---------- Given information

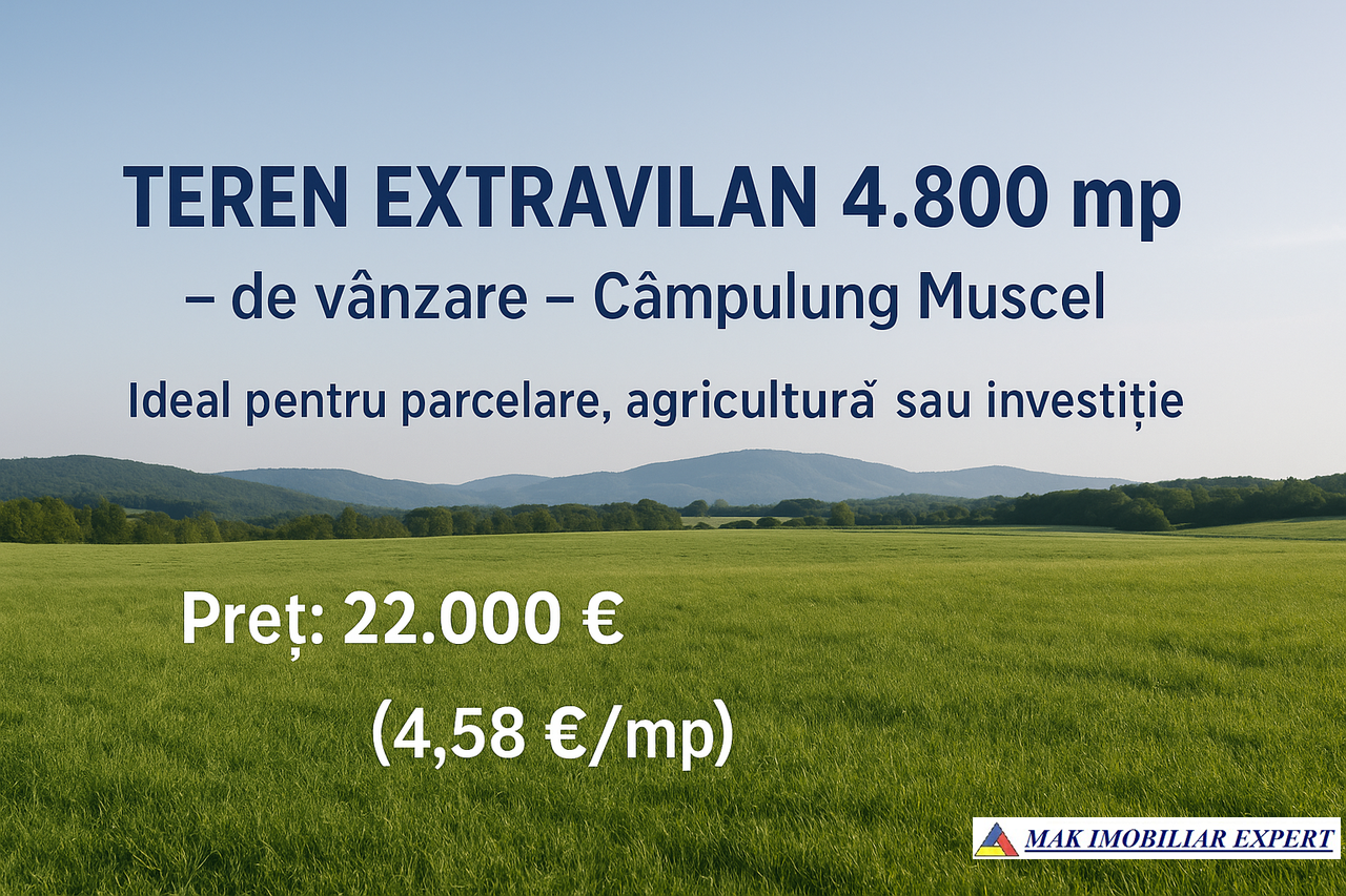 Teren extravilan 4800 mp, parcelabil, situat în Câmpulung Muscel, Argeș. Ideal pentru investiție, agricultură sau construcții!
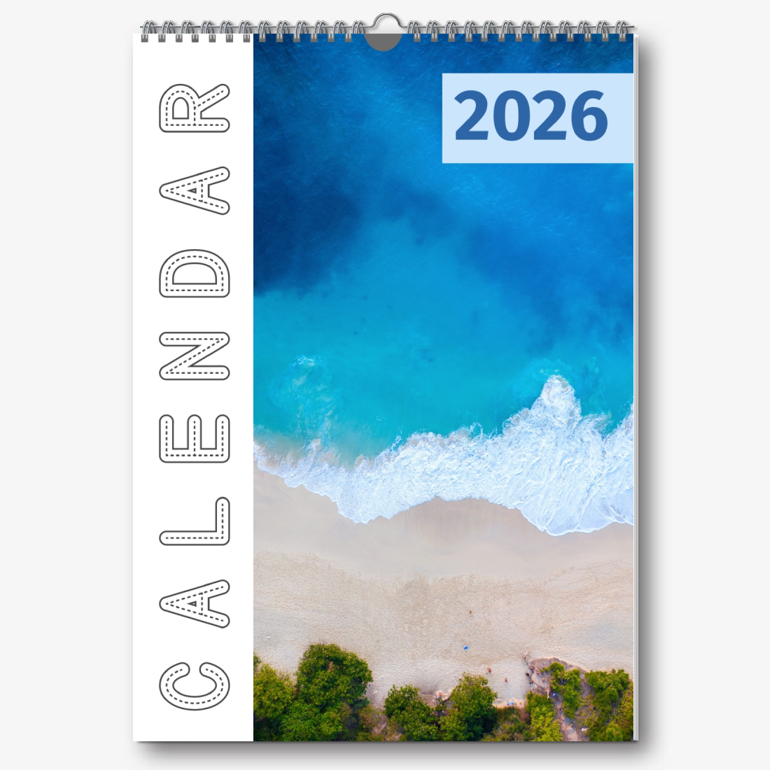 Kalendoriaus šablonas su kelionių nuotraukomis
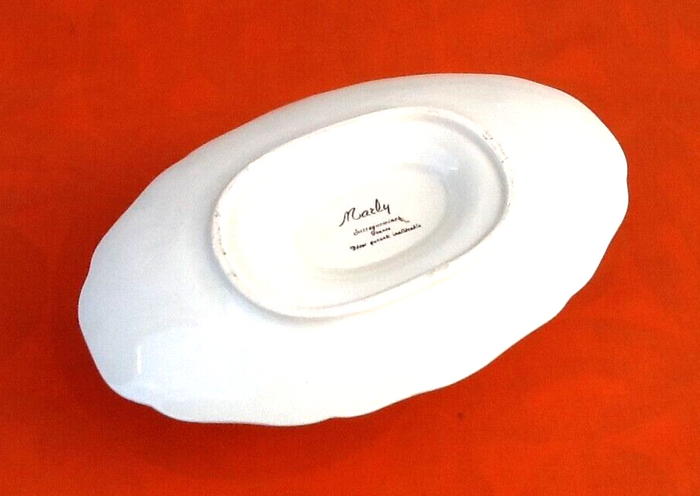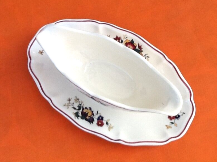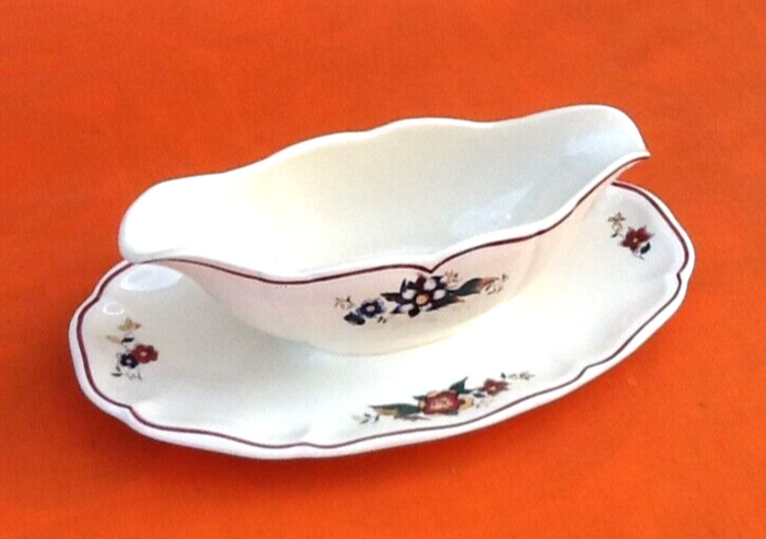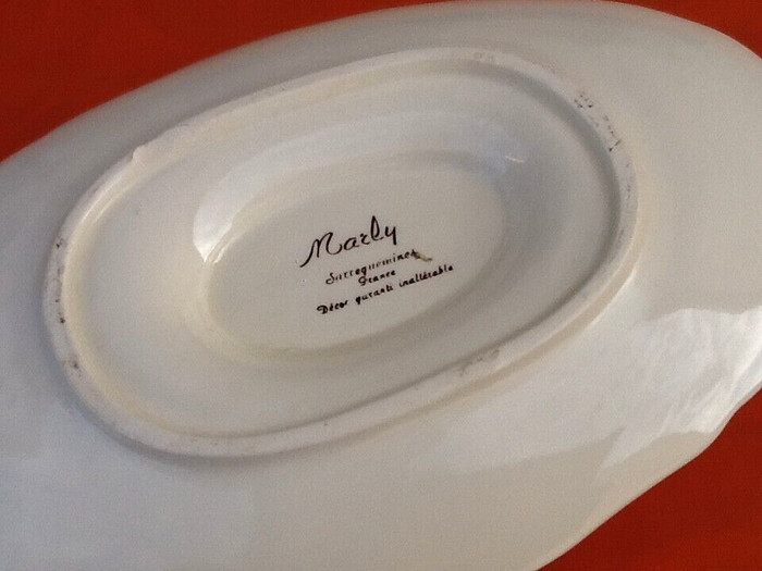 (article vendu en l' état, état d' usage égrenures voir toutes les photos) Saucière sur dormant Faïence de Sarreguemines France Modèle Marly décor bouquets d' anémones Forme polylobée, bords soulignés de filets bordeaux Longueur : 235mm Largeur : 175mm Hauteur : 80mm Poids : 670grs
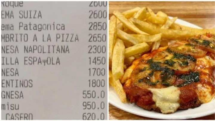 Gracias a la cuenta se puede saber que el «streamer» y su padre pidieron los siguientes platos: rabas, suprema «roque», suprema «suiza», suprema «patagónica», «matambrito» a la pizza, milanesa a la napolitana y sorrentinos, entre otras comidas y postres.
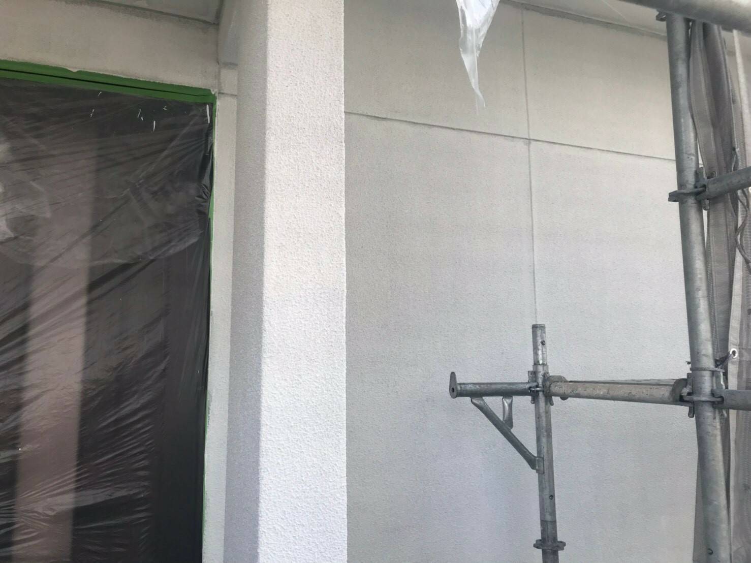 古い外壁の色が完全に隠れ、真っ白で肉厚な下地が出来上がりました。

--------------------

Instructions for the task
The expected answer is the data retyped exactly, without pictures.

Result of this task
 Teren extravilan 4800 mp, parcelabil, situat în Câmpulung Muscel, Argeș. Ideal pentru investiție, agricultură sau construcții!
 Kalendoriaus šablonas su kelionių nuotraukomis
 (article vendu en l' état, état d' usage égrenures voir toutes les photos) Saucière sur dormant Faïence de Sarreguemines France Modèle Marly décor bouquets d' anémones Forme polylobée, bords soulignés de filets bordeaux Longueur : 235mm Largeur : 175mm Hauteur : 80mm Poids : 670grs
 Gracias a la cuenta se puede saber que el «streamer» y su padre pidieron los siguientes platos: rabas, suprema «roque», suprema «suiza», suprema «patagónica», «matambrito» a la pizza, milanesa a la napolitana y sorrentinos, entre otras comidas y postres.
 古い外壁の色が完全に隠れ、真っ白で肉厚な下地が出来上がりました。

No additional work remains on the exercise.